The utmost consternation was exhibited on the countenance of the old Emperor Diocletian. "What! have we Christians and traitors even in our body guard? Our very life is at the mercy of those wretches!"

"I would feel safer with them," said the more stoical or more courageous Galerius, "than with the _delators_ and informers who betray them," and he glanced with mingled contempt and aversion at Naso, the prefect, and Furca, the priest. "When a Christian gives his word, 'tis sacred as all the oaths of Hecate. I want no better soldiers than those of the Thundering Legion."[51]
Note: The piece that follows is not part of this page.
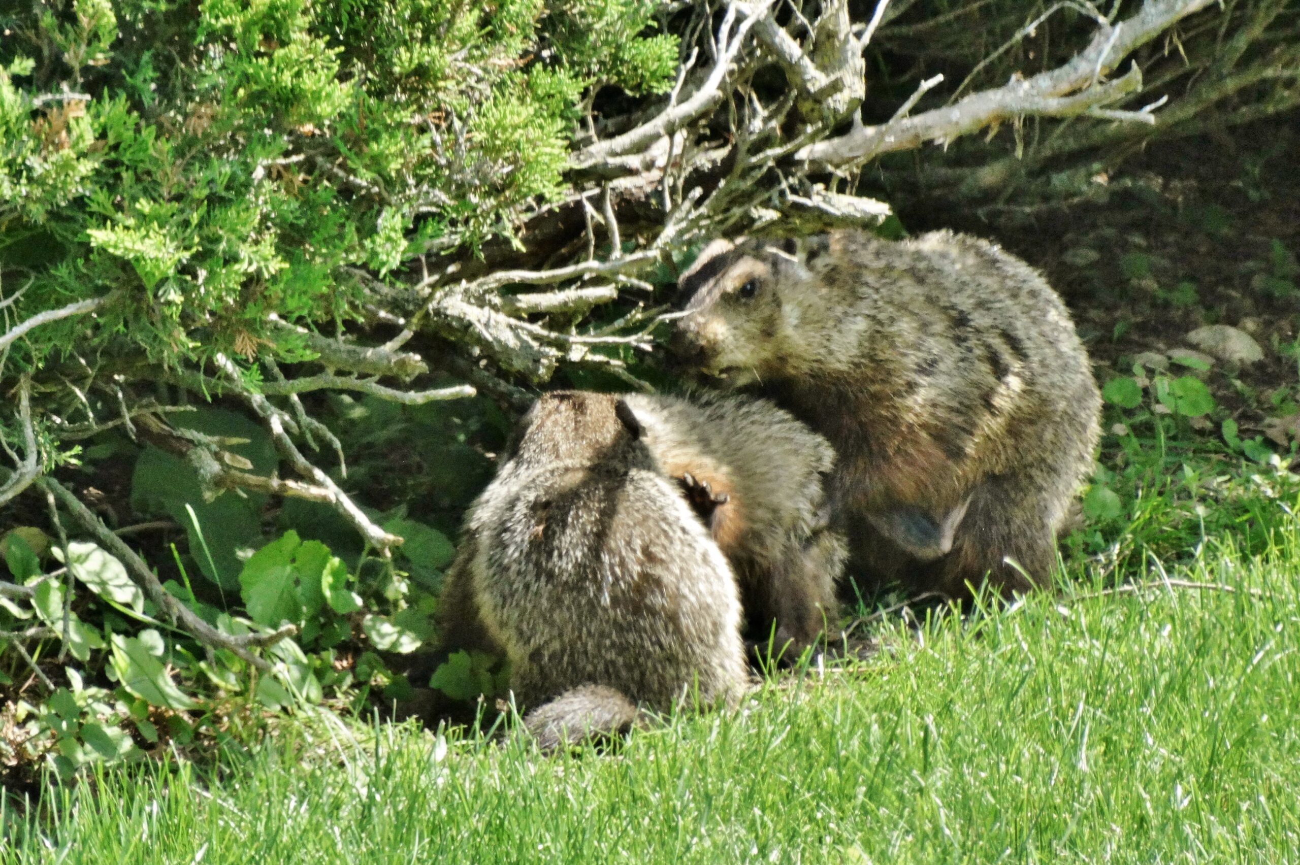 In 2022, we published a professional manuscript to my website titled “Backyard observations of the behavior and role of the male woodchuck (Marmota monax)”1 We wrote “In our seventh year observing Woodchucks, we first witnessed and recorded a male named George playing with a pup. Initial concerns that George was attacking the pup turned to relief when both proceeded to forage peacefully in the yard together. Since then, we have documented several other males interacting with the young.” We interpret these interactions as mostly playful.

Meanwhile the wild beasts, startled for a moment by the sudden apparition of the mail-clad soldier, seemed roused thereby to ten-fold fury. Crouching stealthily for the fatal spring, they bounded upon their prey, and in a moment crashing bones and streaming gore appeased the growing impatience of the cruel mob, who seemed, like the very wild beasts, to hunger and thirst for human flesh and blood.

We dwell not on the painful spectacle. The gallant young soldier was the first to die. The brave girl, with a gesture of maiden modesty, drew her dishevelled robe about her person, and with a queenly dignity awaited the wild beast's fatal spring. She was mercifully spared the spectacle of her father's dying agony. Her over-strung nerves gave way, and she fell in a swoon upon the sands. Demetrius met his fate praying upon his knees. Like Stephen, he gazed steadfastly up into heaven, and the fashion of his countenance was suddenly transfigured as he exclaimed: "Lord Jesus! Rachel, my beloved! we come, we come." And above the roar of the ribald mob and the growl of the savage beasts, fell sweetly on his inner ear the song of the redeemed, and burst upon his sight the beatific vision of the Lord he loved, and for whom he gladly died.
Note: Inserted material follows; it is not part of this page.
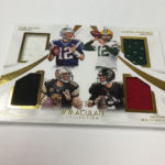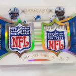 The Basics: The base set will consist of 100 cards limited to 99 copies with Gold (/5) and 1/1 Platinum parallels just like last year. Also in the mix will be Immaculate Dual and Triple autos and Immaculate Moments autos that will be limited to 25 copies. Rookie patch autos will be limited to 99 copies with 1/1 NFL shield and laundry tag cards. Also in this one will be Super Bowl Moments autos (/25 max) and new Dual Eye Black autos (/15 max) grouping teammates and past/present players. These will have gold-ink parallels, too, as rare as a single copy. Also found here will be premium patch autos (/99) with rarer NFL shield versions along with Immaculate Honors and Immaculate Shadowbox Signatures. ... On the memorabilia side, there will be Dual Shields (/1) and jumbo memorabilia cards that will include footballs, cleats, helmets, laundry tags, gloves and plenty more. ... Boxes will carry a suggested retail price of $400.

So, too, like brave men, victorious o'er their latest foe, Adauctus, Aurelius, and the others calmly met their fate. When all the rest were slain, a lordly lion approached the prostrate form of Callirhoë, but she was already dead. She had passed from her swoon, without a pang, to the marriage supper of the Lamb--to the presence of the Celestial Bridegroom--the fairest among ten thousand, the one altogether lovely--to whom the homage of her young heart had been fully given. She was spared, too, the indignity, of being mangled by the lion's jaws. When the king of beasts found that she was already dead, he raised his massy head, gave a mournful howl, and strode haughtily away.
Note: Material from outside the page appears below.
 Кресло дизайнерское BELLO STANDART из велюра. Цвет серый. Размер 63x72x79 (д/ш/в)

In the great gallery of Doré paintings at London, is one of this Flavian Amphitheatre after a human sacrifice such as we have described. There lie the mangled forms upon the gory and trampled sands. The sated wild beasts prowl listlessly over the arena. The circling seats rise tier above tier, empty and desolate. But poised in air, with outspread wings, above the slain, with a countenance of light and a palm of victory, is a majestic angel; and sweeping upward in serried ranks, amid the shining stars, is a cloud of bright-winged angels, the convoy of the martyrs' spirits to the skies. So, doubtless, God sent a cohort of sworded seraphim to bear the martyrs of our story blessed company, and to sweep with them through the gates into the city.

FOOTNOTES:

[50] This famous phrase dates from the time of Tertullian, in the 3rd century, and is also recorded in the Catacombs.

[51] The _Legio Tonans_, tradition affirms, was a legion composed wholly of Christians, whose prayers in a time of drought brought on a violent thunder-storm, which confounded the enemy and saved the army.